● **Data in this exercise**

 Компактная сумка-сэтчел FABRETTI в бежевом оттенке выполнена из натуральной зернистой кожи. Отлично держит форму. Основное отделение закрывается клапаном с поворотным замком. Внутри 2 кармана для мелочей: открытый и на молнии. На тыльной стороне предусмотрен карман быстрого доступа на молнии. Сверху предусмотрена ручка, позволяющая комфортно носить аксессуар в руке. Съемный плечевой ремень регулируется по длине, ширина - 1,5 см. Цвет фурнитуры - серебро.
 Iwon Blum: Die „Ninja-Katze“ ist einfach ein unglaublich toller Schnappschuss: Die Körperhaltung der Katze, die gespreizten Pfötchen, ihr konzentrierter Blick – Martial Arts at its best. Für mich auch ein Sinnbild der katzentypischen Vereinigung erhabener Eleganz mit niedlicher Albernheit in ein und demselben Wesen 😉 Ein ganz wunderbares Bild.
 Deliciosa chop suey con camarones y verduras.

* * *

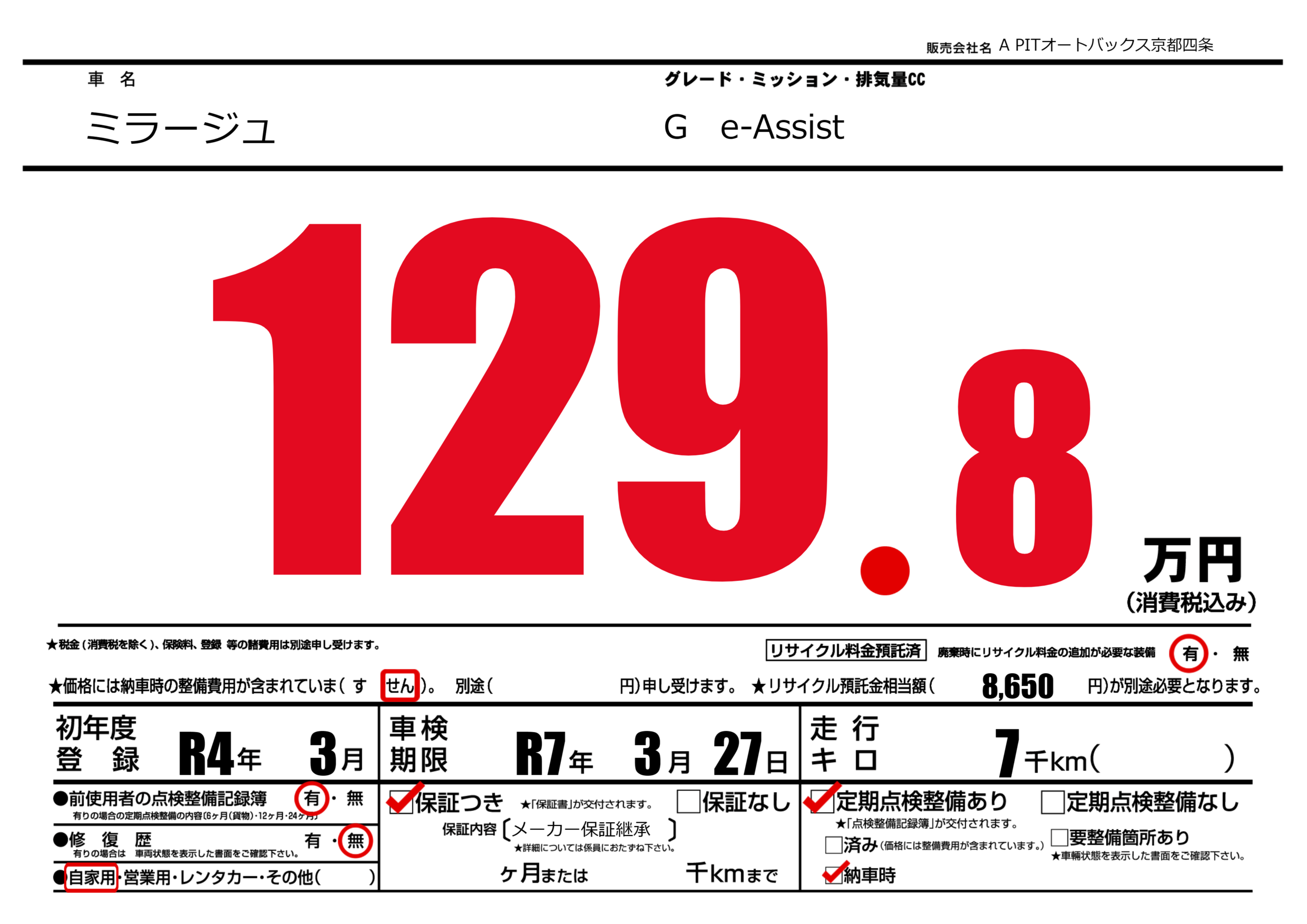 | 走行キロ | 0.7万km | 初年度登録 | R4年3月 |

--

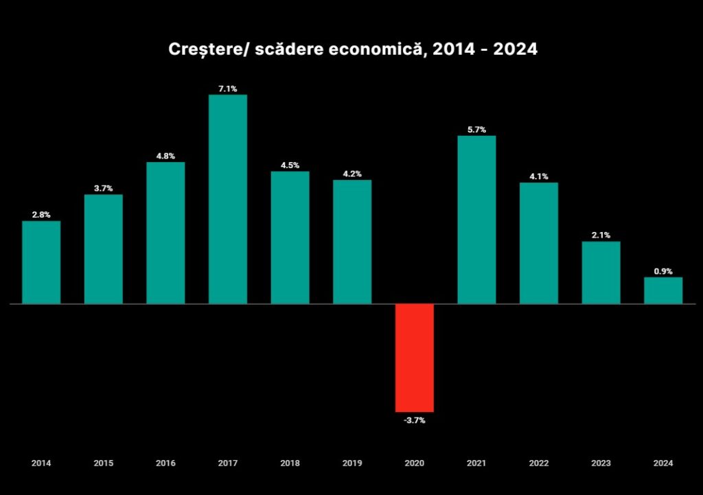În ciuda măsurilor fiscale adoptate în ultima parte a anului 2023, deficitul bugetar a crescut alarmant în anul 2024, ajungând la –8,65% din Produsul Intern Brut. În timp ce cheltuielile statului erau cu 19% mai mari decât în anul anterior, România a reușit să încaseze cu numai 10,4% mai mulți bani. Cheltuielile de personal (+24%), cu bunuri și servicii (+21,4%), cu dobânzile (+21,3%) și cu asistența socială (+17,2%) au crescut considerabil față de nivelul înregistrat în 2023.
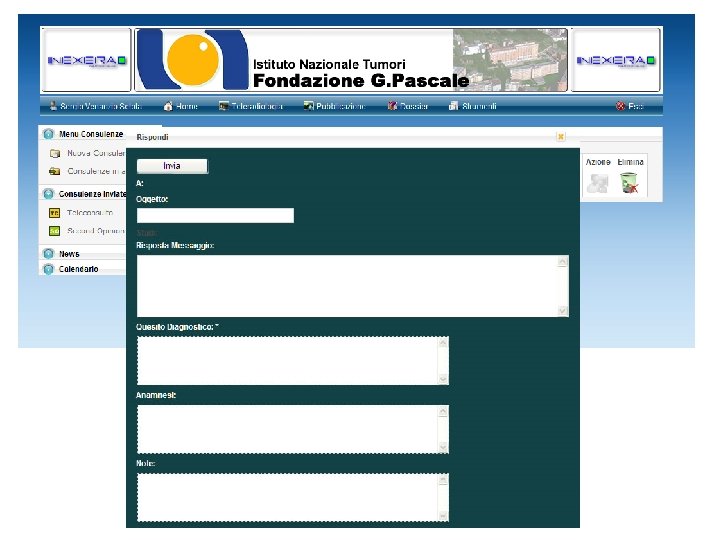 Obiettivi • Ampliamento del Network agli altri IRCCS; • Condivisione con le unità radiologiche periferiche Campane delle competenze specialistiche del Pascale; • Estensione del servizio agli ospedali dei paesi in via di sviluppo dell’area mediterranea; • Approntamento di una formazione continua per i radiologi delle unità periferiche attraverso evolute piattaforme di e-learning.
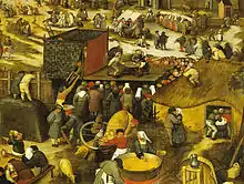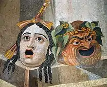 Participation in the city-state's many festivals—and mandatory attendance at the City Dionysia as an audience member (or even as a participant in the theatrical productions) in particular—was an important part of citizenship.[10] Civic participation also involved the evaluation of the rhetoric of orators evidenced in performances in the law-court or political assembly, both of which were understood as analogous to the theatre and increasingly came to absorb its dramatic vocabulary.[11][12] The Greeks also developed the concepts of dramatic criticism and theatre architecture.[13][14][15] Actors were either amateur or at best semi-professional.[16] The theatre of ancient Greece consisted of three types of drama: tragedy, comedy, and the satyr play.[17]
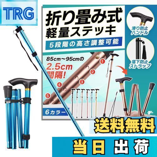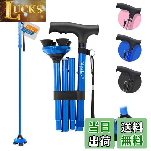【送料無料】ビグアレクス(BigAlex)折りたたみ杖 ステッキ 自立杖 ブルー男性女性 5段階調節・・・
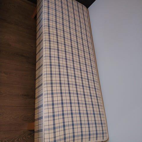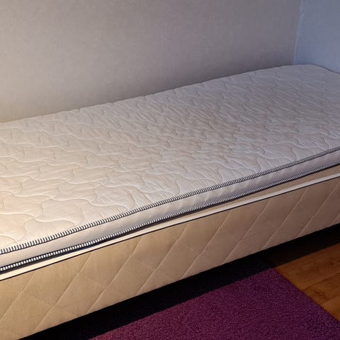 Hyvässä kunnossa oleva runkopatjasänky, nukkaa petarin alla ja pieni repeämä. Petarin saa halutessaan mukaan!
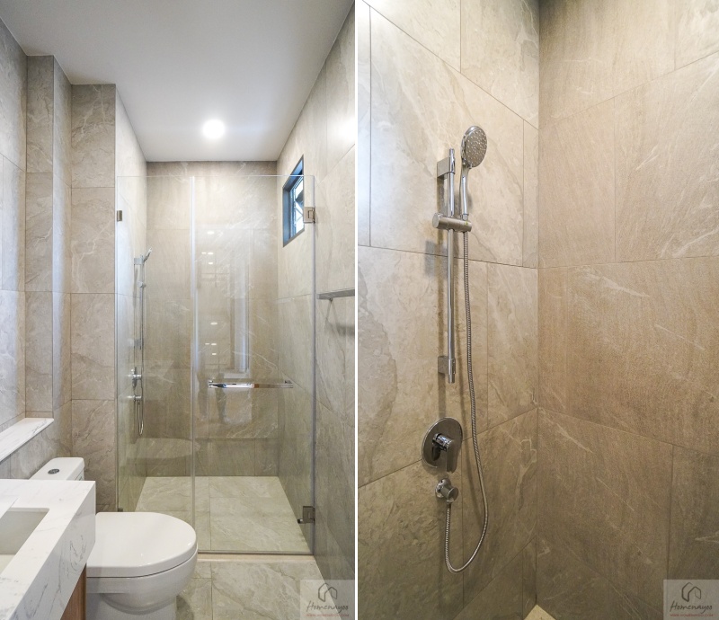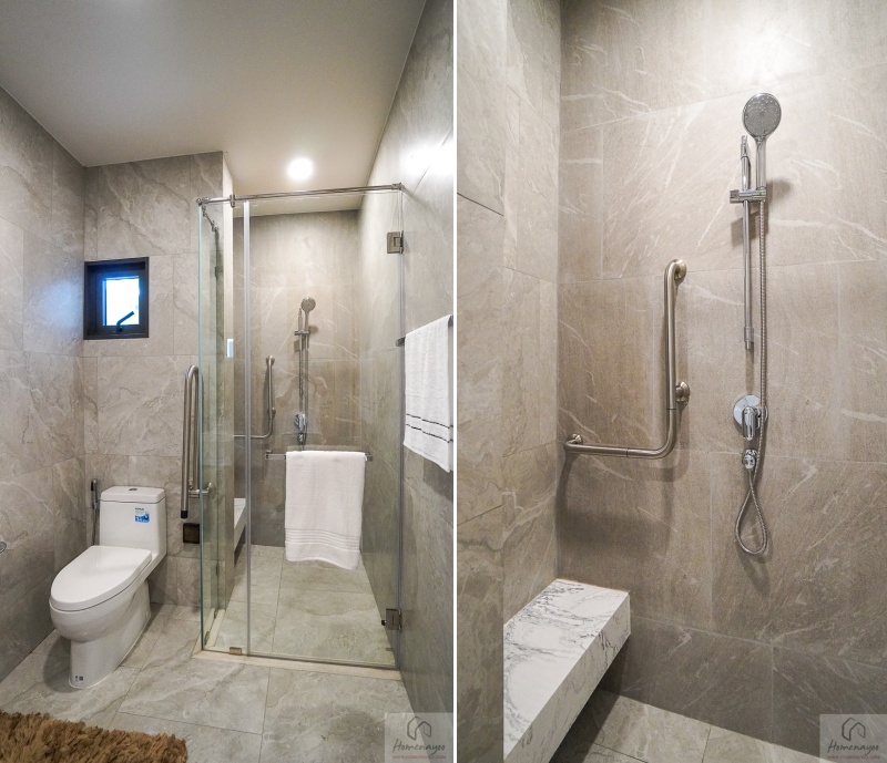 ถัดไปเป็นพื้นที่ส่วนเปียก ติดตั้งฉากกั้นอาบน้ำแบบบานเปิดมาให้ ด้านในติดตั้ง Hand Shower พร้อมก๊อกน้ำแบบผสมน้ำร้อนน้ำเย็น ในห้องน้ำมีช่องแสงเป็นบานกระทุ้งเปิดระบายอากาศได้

● **Exercise**
Output the lines above exactly, but only those between the line holding "Компактная сумка-сэтчел FABRETTI" and the line holding "Deliciosa chop suey", inclusive.

● **Result below**
 Компактная сумка-сэтчел FABRETTI в бежевом оттенке выполнена из натуральной зернистой кожи. Отлично держит форму. Основное отделение закрывается клапаном с поворотным замком. Внутри 2 кармана для мелочей: открытый и на молнии. На тыльной стороне предусмотрен карман быстрого доступа на молнии. Сверху предусмотрена ручка, позволяющая комфортно носить аксессуар в руке. Съемный плечевой ремень регулируется по длине, ширина - 1,5 см. Цвет фурнитуры - серебро.
 Iwon Blum: Die „Ninja-Katze“ ist einfach ein unglaublich toller Schnappschuss: Die Körperhaltung der Katze, die gespreizten Pfötchen, ihr konzentrierter Blick – Martial Arts at its best. Für mich auch ein Sinnbild der katzentypischen Vereinigung erhabener Eleganz mit niedlicher Albernheit in ein und demselben Wesen 😉 Ein ganz wunderbares Bild.
 Deliciosa chop suey con camarones y verduras.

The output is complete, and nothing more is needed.